Lunch Talk | The Theory of Artificial Immutability: Protecting Algorithmic Groups under Anti-Discrimination Law
Der Lunch Talk findet am 27. Juni 2022 um 12.30 Uhr MEZ statt. Die Referentin, Sandra Wachter, wird thematische Einblicke in die Berücksichtigung algorithmischer Gruppen im Antidiskriminierungsrecht geben. Hadi Asghari wird die Veranstaltung moderieren. Dies ist eine Präsenz- sowie Online-Veranstaltung, die in englischer Sprache abgehalten wird. Unser Ziel ist es, in einer inspirierenden digitalen Mittagspause zusammenzukommen und Ideen auszutauschen.
L U N C H T A L K
The Theory of Artificial Immutability: Protecting Algorithmic Groups under Anti-Discrimination Law
Tuesday, 27 June 2023 | 12.30 pm – 1.30 pm (CET)
Online (via Zoom) & Humboldt Institute for Internet and Society, Französische Str. 9, 10117 Berlin
Artificial intelligence is increasingly used to make life-changing decisions, including about who is successful with their job application and who gets into university. To do this, AI often creates groups that haven’t previously been used by humans. Many of these groups are not covered by non-discrimination law (e.g., ‘dog owners’ or ‘sad teens’), and some of them are even incomprehensible to humans (e.g., people classified by how fast they scroll through a page or by which browser they use).
This is important because decisions based on algorithmic groups can be harmful. If a loan applicant scrolls through the page quickly or uses only lower caps when filling out the form, their application is more likely to be rejected. If a job applicant uses browsers such as Microsoft Explorer or Safari instead of Chrome or Firefox, they are less likely to be successful. Non-discrimination law aims to protect against similar types of harms, such as equal access to employment, goods, and services, but has never protected “fast scrollers” or “Safari users”. Granting these algorithmic groups protection will be challenging because historically the European Court of Justice has remained reluctant to extend the law to cover new groups.
At this lunch talk, Sandra Wachter argues that algorithmic groups should be protected by non-discrimination law and shows how this could be achieved.
Sandra Wachter, she is a Professor of Technology and Regulation at the Oxford Internet Institute, where she researches the legal and ethical implications of emerging technologies such as AI, Big Data, and robotics. She leads the Governance of Emerging Technologies Research Programme and is affiliated with numerous institutions worldwide, advising on regulatory and ethical questions concerning emerging technologies. Her work focuses on profiling, inferential analytics, algorithmic bias, diversity, and fairness, as well as governmental surveillance, predictive policing, human rights online, and health tech and medical law. Professor Wachter’s research has received significant media attention, and she has won numerous awards, including for her contributions to AI governance. Her current British Academy project aims to find mechanisms to protect privacy and identity in the age of AI and Big Data. Her work also includes the governance and ethical design of algorithms, ethical auditing methods for AI, and legal and ethical aspects of robotics and autonomous systems.
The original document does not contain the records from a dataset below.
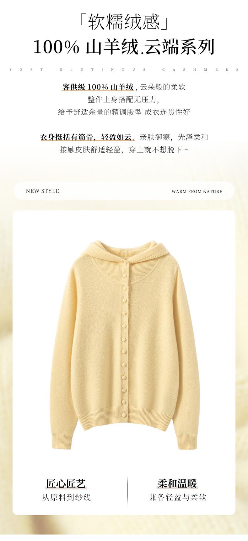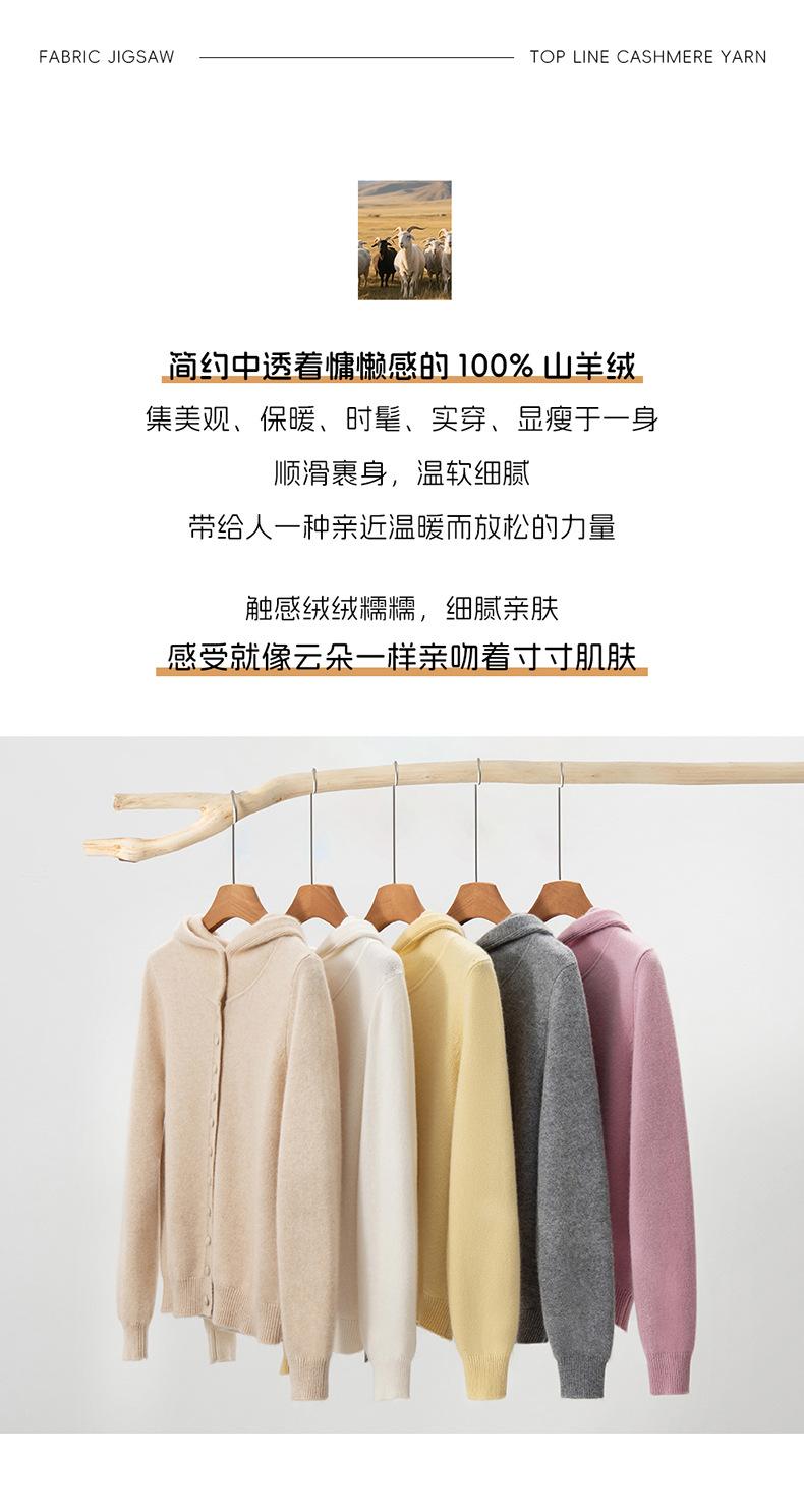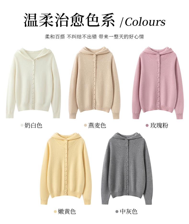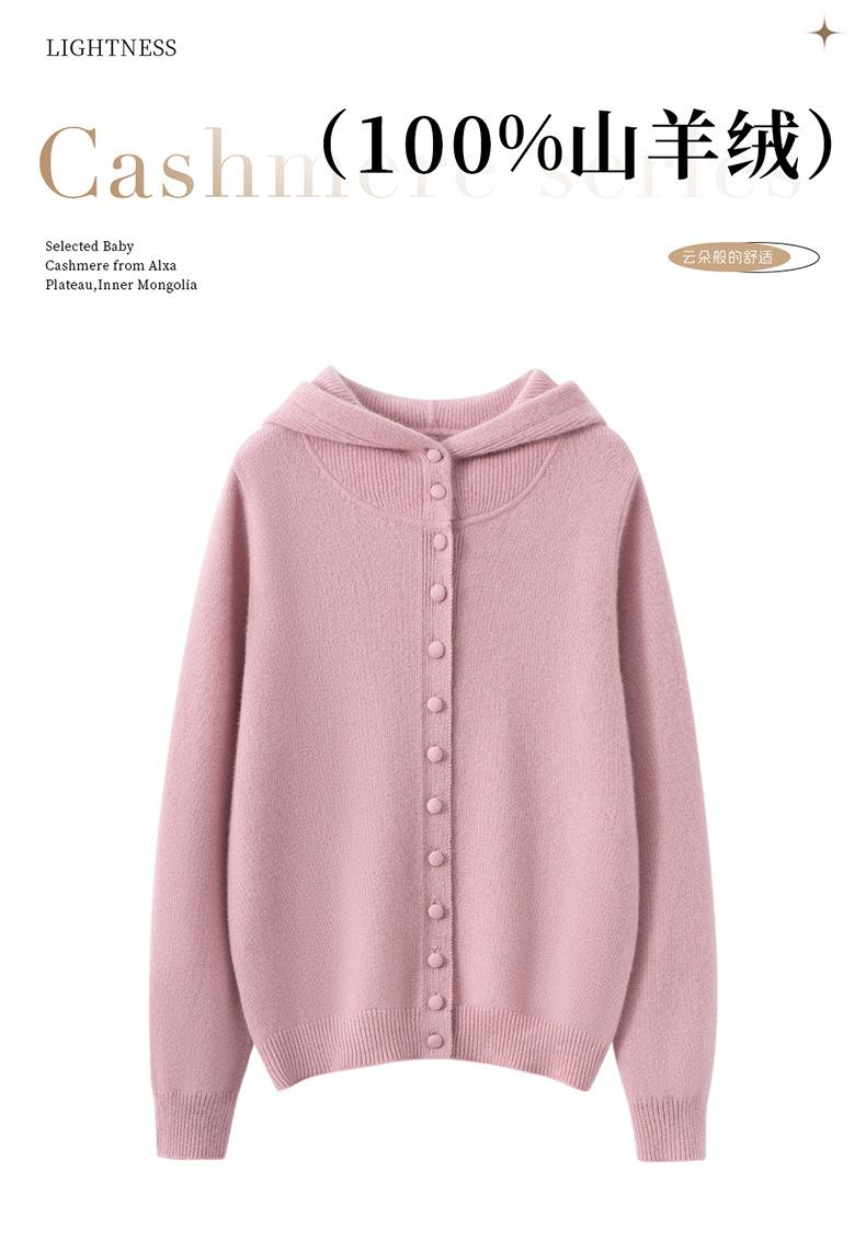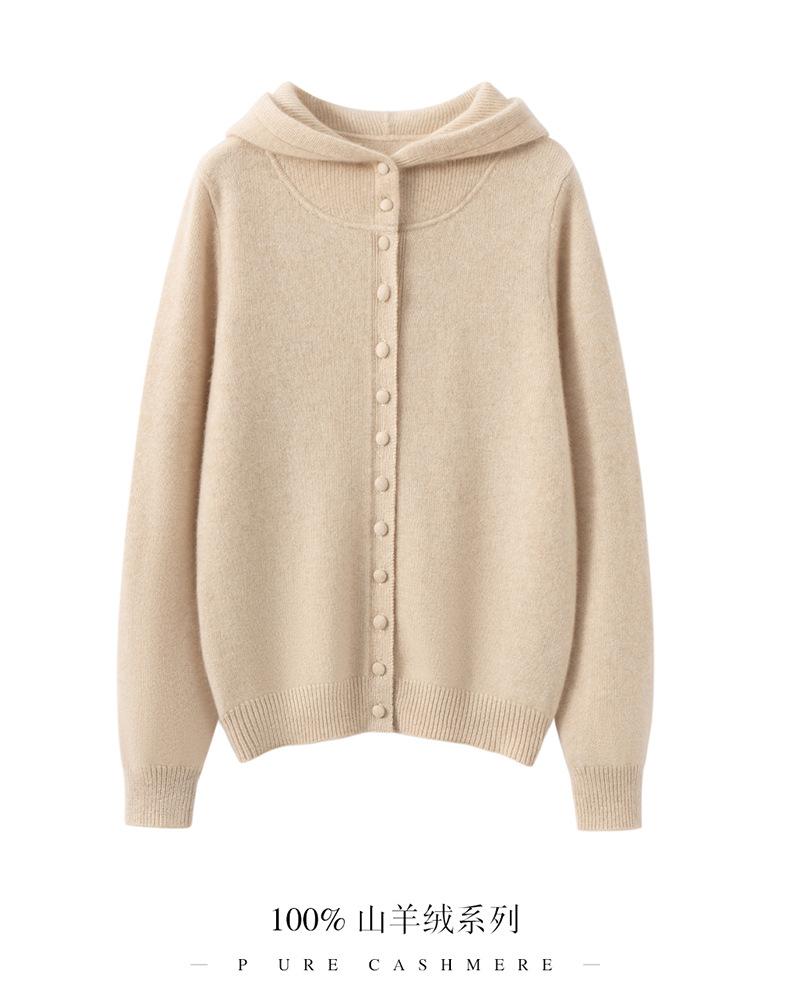 Nuevo Otoño/Invierno 100% Cachemira Pura Casual Suelto Versátil Moda Sencillo Color Sólido Cárdigan Tejido con Capucha Abrigo
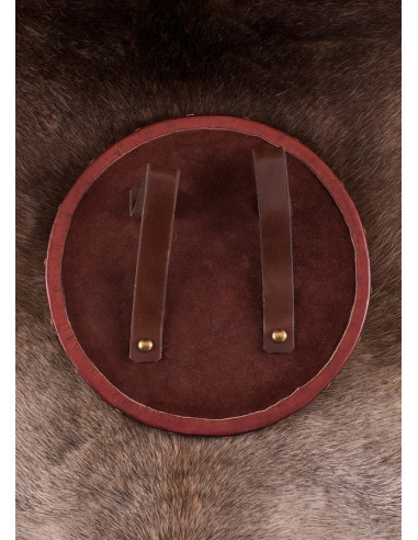 Questo scudo diventa più di un accessorio, un simbolo tangibile del tuo impegno con la storia e la tradizione. La texture del legno e i rivetti di ottone, frutto di un'artigianato meticoloso, suscitano in te un senso di appartenenza a quell'epoca turbolenta, dove il valore e l'onore definivano chi fossero i veri protagonisti. Il suo peso di 2,2 kg e la sua robustezza ti offrono fiducia, come se portassi un reliquiario che collega passato e presente, pronto ad affrontare qualsiasi avversità e a difendere la tua identità con convinzione.
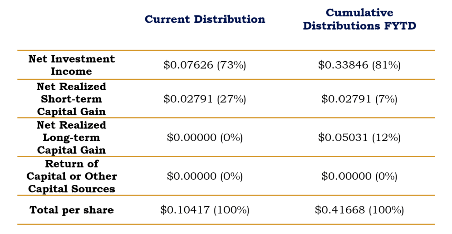 The Trust’s fiscal year (10/01/2025 through 09/30/2026) cumulative distributions are shown below:
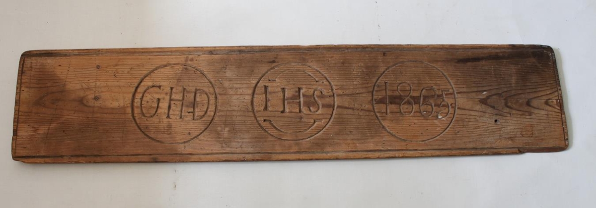 Rúmfjöl úr furu. L. 93,5 cm. Br. 19,7 cm. Á bakhlið, sem er töluvert marin og pikkuð, stendur „RÚMFJÖL ÚR BRIEMSHÚSI SAUÐÁRKRÓKI ÚR EIGU GUNNLAUGS BRIEM". Á bakhliðinni er einnig svartur hringur og blettir. Framan á eru brúnir fjalarinnar strikaðar og á henni eru 3 hringir. Lengst til vinstri eru upphafsstafir GHD. Í miðju kringlunni eru upphafsstafir IHS og lengst til hægri er í þriðju kringlunni ártalið 1865.
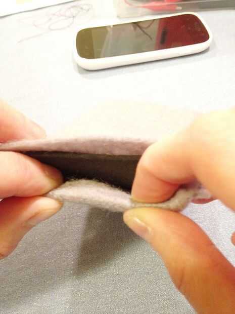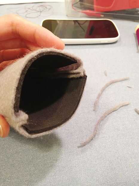 Pero me gustó de esta capas de gris y negro así que terminé tarde el fieltro hacia arriba con la espuma cortando el exceso, entonces la mano cosida con hilo de color púrpura.
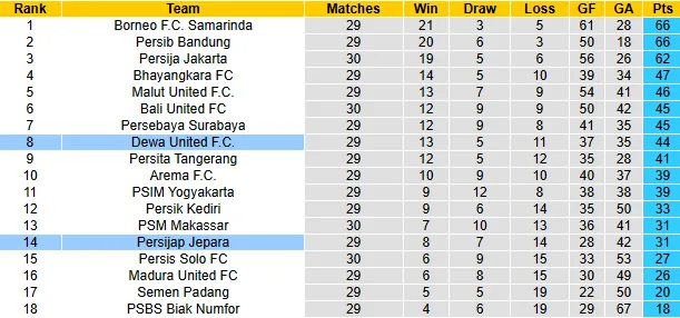 Hiện tại, Dewa United đang giữ vững vị trí trong nhóm nửa trên bảng xếp hạng (hạng 8, 44 điểm). Đội chủ nhà có một đội hình chất lượng với những ngôi sao tấn công như Alex Martins, Stefano Lilipaly và Alexis Messidoro. Phong độ ghi bàn của Dewa United thực sự ấn tượng với 6 trận bất bại liên tiếp (thắng 3, hòa 3).
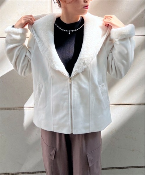 素材:(表地)ポリエステル 90%レーヨン 10%(ファー)ポリエステル 100%(レース)ナイロン 100%(裏地)ポリエステル 100%
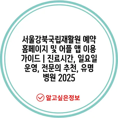 서울강북국립재활원 예약 홈페이지 및 어플 앱 이용 가이드 | 진료시간, 일요일 운영, 전문의 추천, 유명 병원 2025
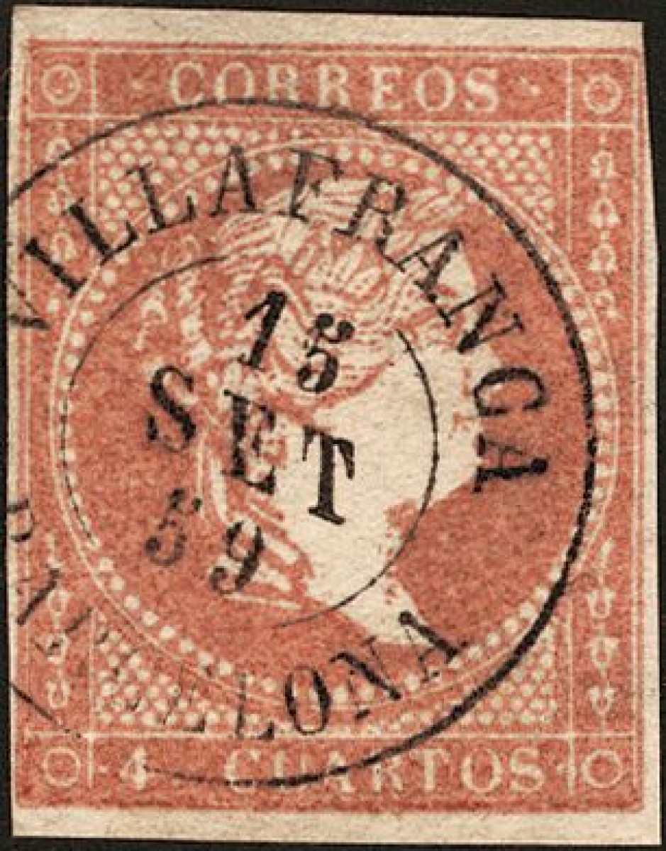 48. 1856. 4 red cuartos . Postmark VILLAFRANCA / BARCELONA. MAGNIFICENT.
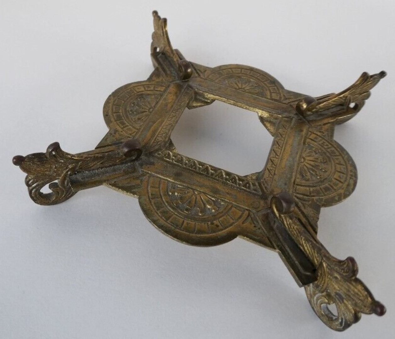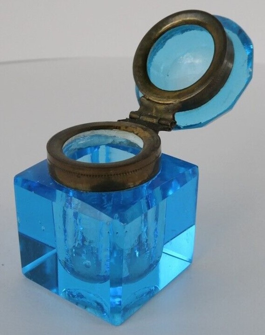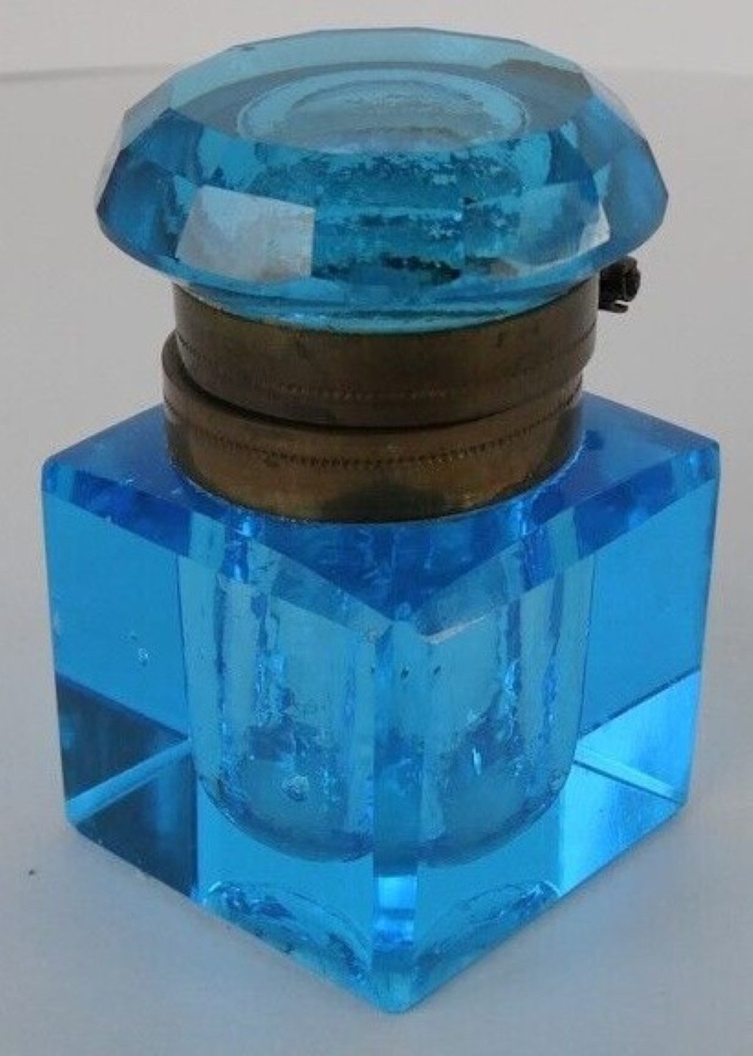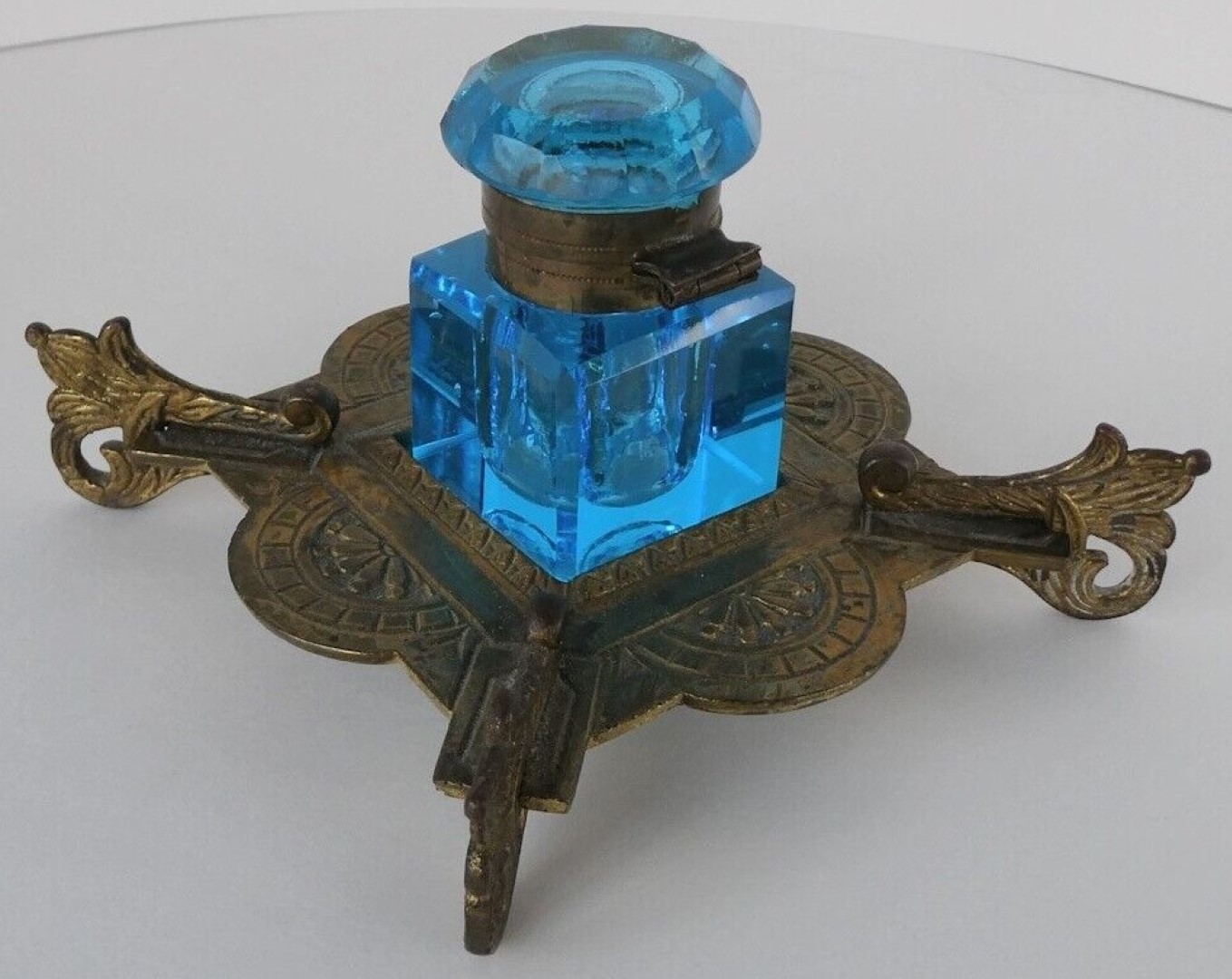 A cut blue crystal inkwell with faceted square body and cushion shaped lid with hinged brass mounts rests on an ornate four-point brass base.
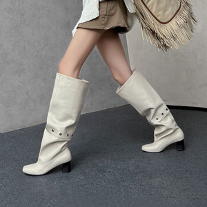 秋冬新款棕色牛皮可拆卸套筒两穿长筒靴~圆头铆钉粗高跟瘦瘦靴女
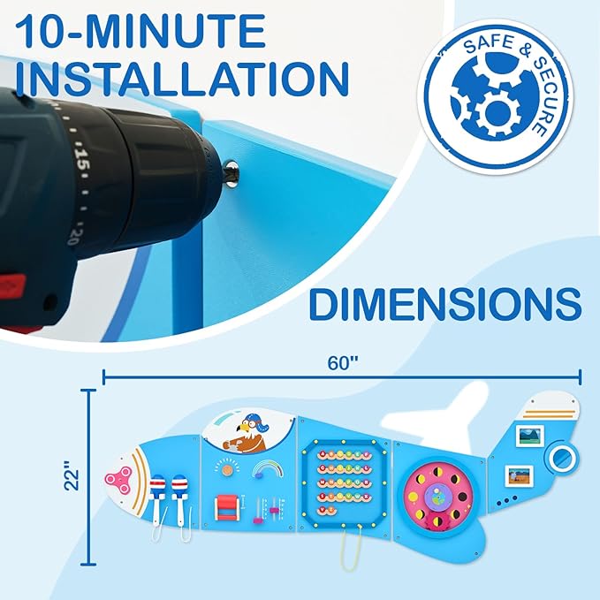 - EASY TO ASSEMBLE & DURABLE: Our busy board arrives fully assembled with pre-drilled holes and screws, making it easy to mount in under 5 minutes. Its durable construction ensures it stands up to active use in any setting.
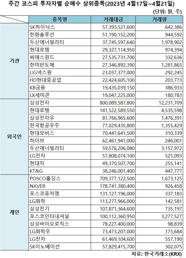 [표] 주간 코스피 기관·외인·개인 순매수 상위종목(4월17일~4월21일)

Hadi Asghari is a postdoctoral researcher in the Public Interest AI research group at the Humboldt Institute for Internet and Society (HIIG). His research focuses on safeguarding public values in AI systems. Hadi collaborates closely with researchers and experts from various disciplines and backgrounds, including civil society, industry, and government. He is a member of the AI & Society Lab (at HIIG), the Access Request Advocacy & Research Network (at VU Brussels), and the Open Tech Fund advisory council, among others.
Lunch Talk Series
In our Lunch Talk Series, we explore cutting edge research at the intersection of digitalization and society that is also highly relevant for practice and policy. Topics include grand challenges, sustainability, responsible platforms, AI and the knowledge society. Our aim is to bring researchers and practitioners with a mutual interest on these topics together, exchange ideas, and make research more visible, applicable and impactful.